» Exercise prompt
Extract, in full, the lines below, beginning at the first and ending with the line that contains "Next Steps for". Pictures do not belong in the copy.

━━━ Data under study

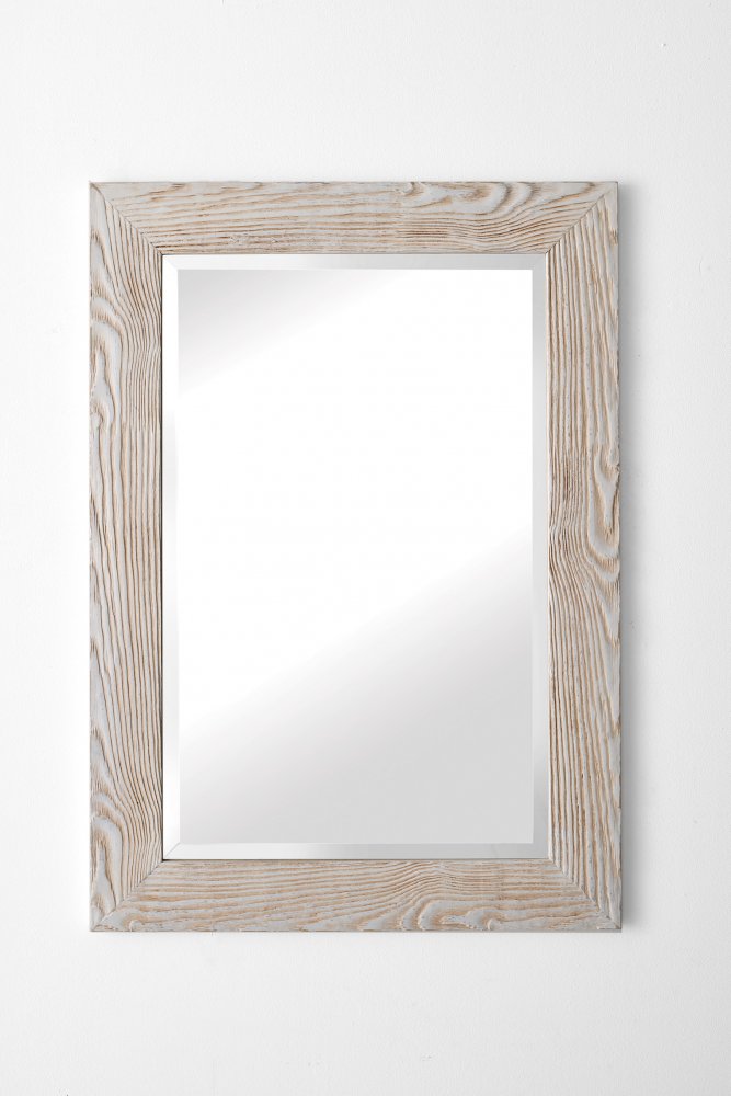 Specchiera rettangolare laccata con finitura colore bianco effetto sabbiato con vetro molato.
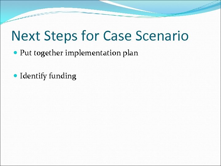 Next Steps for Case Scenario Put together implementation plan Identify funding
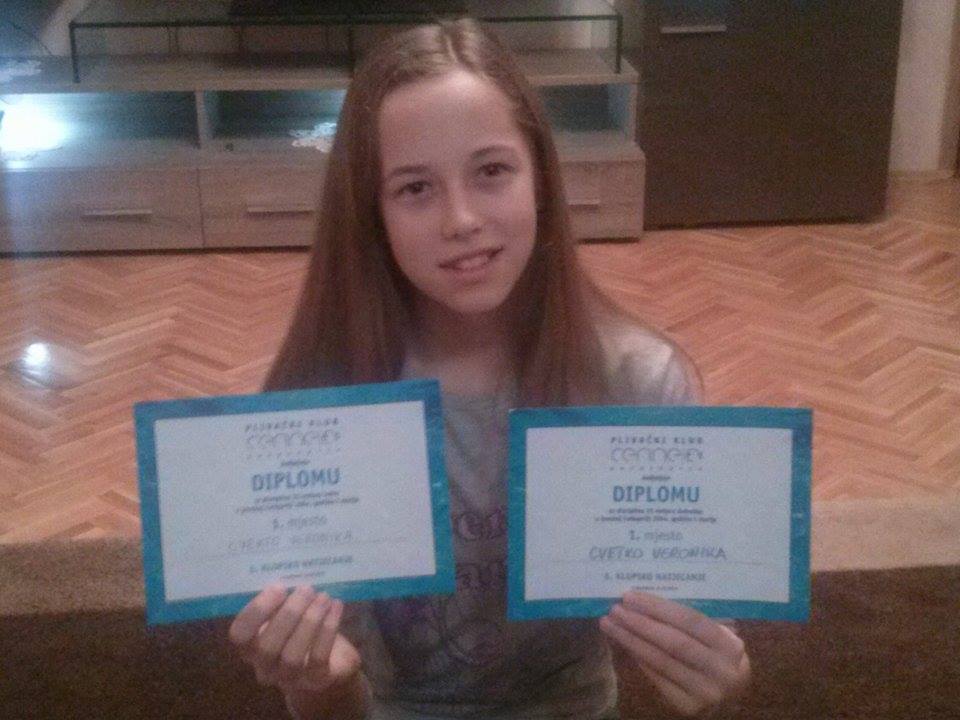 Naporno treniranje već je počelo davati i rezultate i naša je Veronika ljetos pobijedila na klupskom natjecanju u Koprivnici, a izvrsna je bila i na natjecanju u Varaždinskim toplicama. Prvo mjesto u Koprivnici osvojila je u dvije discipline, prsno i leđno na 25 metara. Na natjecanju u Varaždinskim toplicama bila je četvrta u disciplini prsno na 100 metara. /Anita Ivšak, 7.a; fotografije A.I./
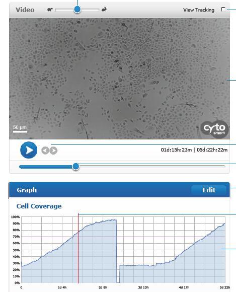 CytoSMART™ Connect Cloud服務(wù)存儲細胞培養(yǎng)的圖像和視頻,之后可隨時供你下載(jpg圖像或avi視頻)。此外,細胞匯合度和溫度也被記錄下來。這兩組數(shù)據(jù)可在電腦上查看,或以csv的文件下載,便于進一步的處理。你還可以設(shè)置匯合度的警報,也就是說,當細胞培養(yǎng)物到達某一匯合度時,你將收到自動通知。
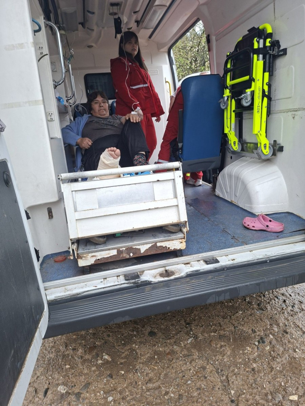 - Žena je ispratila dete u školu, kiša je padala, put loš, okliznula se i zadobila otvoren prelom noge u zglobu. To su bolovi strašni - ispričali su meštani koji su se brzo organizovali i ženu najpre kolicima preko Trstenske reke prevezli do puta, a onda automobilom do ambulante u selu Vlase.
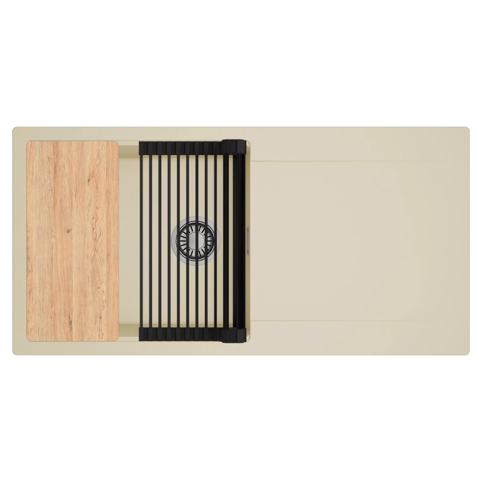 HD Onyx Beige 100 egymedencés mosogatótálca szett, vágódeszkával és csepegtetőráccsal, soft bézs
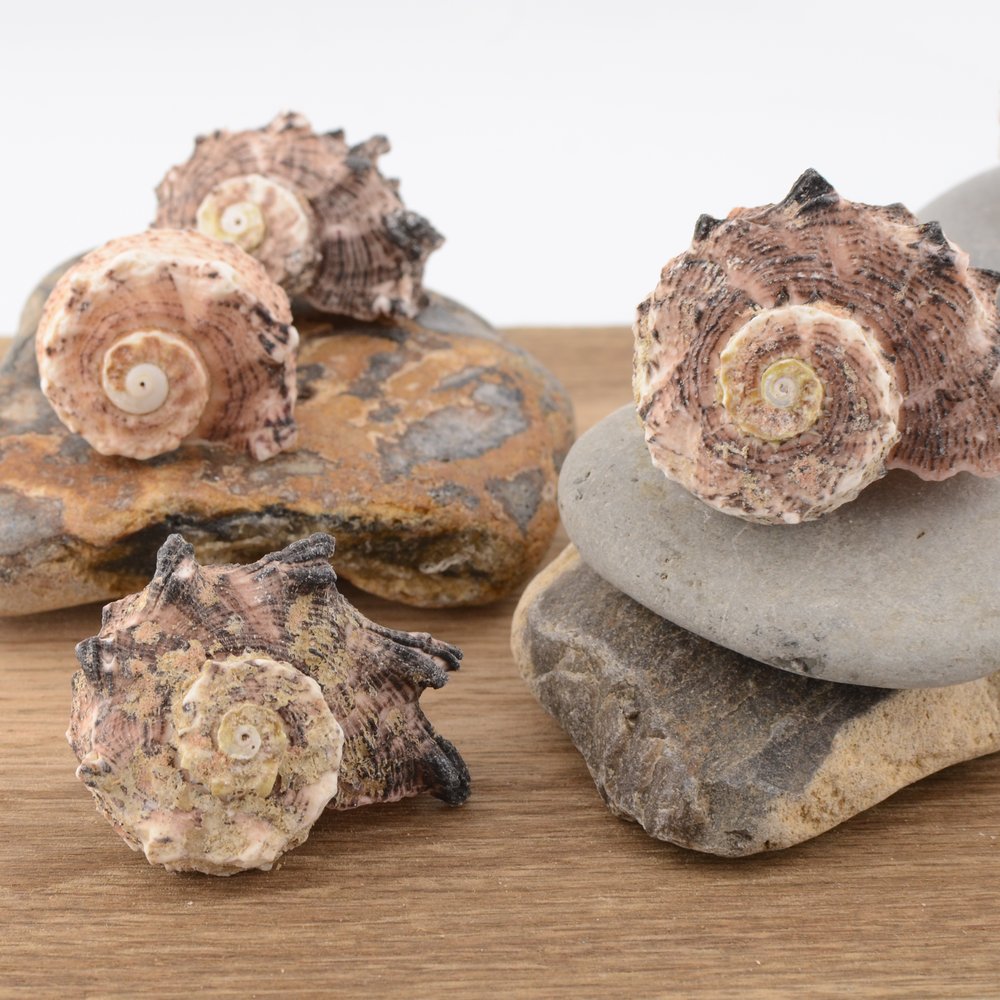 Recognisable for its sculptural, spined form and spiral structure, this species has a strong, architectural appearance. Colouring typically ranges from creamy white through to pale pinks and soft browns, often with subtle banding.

━━━━━━

» Exercise result
 Specchiera rettangolare laccata con finitura colore bianco effetto sabbiato con vetro molato.
 Next Steps for Case Scenario Put together implementation plan Identify funding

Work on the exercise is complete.